The measurement approach discussed has been designed fundamentally to help the organisation stay true to some key measurement principles. Remember, if you get bogged-down in the work of creating a measurement plan, or feel somehow that your measures are pointless, come back to this brief list of principles…..is a change in direction needed?
- There must be a reason why you are measuring things; make sure your measurements are goal based! – If you don’t know why you are capturing measures, what you are trying to achieve by collecting the figures, it is likely that your time doing so will be wasted.

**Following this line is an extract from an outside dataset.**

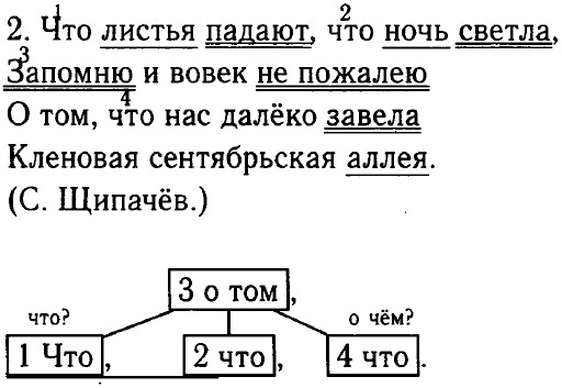 Упр. 168 — устно. Упр. 169 1. ...Нет сомнения, что он [А. С. Пушкин] создал наш поэтический, наш литературный язык и что нам и нашим потомкам останется только идти по пути, проложенному его гением. (Связь между придаточными — однородное соподчинение.) ... Пушкин сам был великолепный русский художник. 2. ... Заслуги Пушкина перед Россией велики и достойны народной признательности. Он [Пушкин] дал окончательную обработку нашему языку, который теперь по своему богатству, силе, логике и красоте формы признаётся даже иностранными филологами едва ли не первым после древнегреческого; он отозвался типическими образами, бессмертными звуками на все веяния русской жизни. (И. Тургенев.) Упр. 170 1. Со своими воспитанниками Арина Родионовна обращалась запросто, называла их «занавесные Пушкенята», потому что, когда они были грудными младенцами, им во время кормления как-то особенно завешивали глаза от света. 2. Привязанность Пушкина к няне так бросалась в глаза, что Анна Керн, в которую Пушкин был так бурно влюблён, уверяла, что Пушкин по-настоящему любил только свою Музу и свою няню. (А. Тыркова-Вильямс.) Упр. 171 Песенка

- Measuring is a waste of time – if you don’t make use of the information you find out! If you are not going to base project management decisions on the measurement data you collect, there is little point in collecting it.
- Don’t go mad! - Collecting many measures is time consuming, not only in collecting the figures, but defining what the metric is all about. It is better to have a few key measures that are properly founded with goals and that are properly followed, analysed and fed back, than many half-hearted measures.
Based on the Goal-Question-Metric approach and 2+ years hard work at a large UK Government organisation, this practical, experienced-based presentation shows project managers how to quickly and easily set-up an effective measurement regime that not only helps you to improve the teams productivity, but will help you scale the process maturity heights of CMMI.
When you are trying to effect process improvement in large organisations with literally hundreds of concurrently running projects of all types and levels of organisational abstraction, setting a Measurement Policy that scales, meets the maturity traits set out in the model, but is also easy to stand-up and apply is a tricky business.
This presentation exposes a plan and measure definition template set and ideas for an organisational catalogue of standard measures that will help solve the commonly faced measurement and analysis conundrums.
This presentation builds and improves upon a similar presentation made to the European SEPG Amsterdam in June 2007.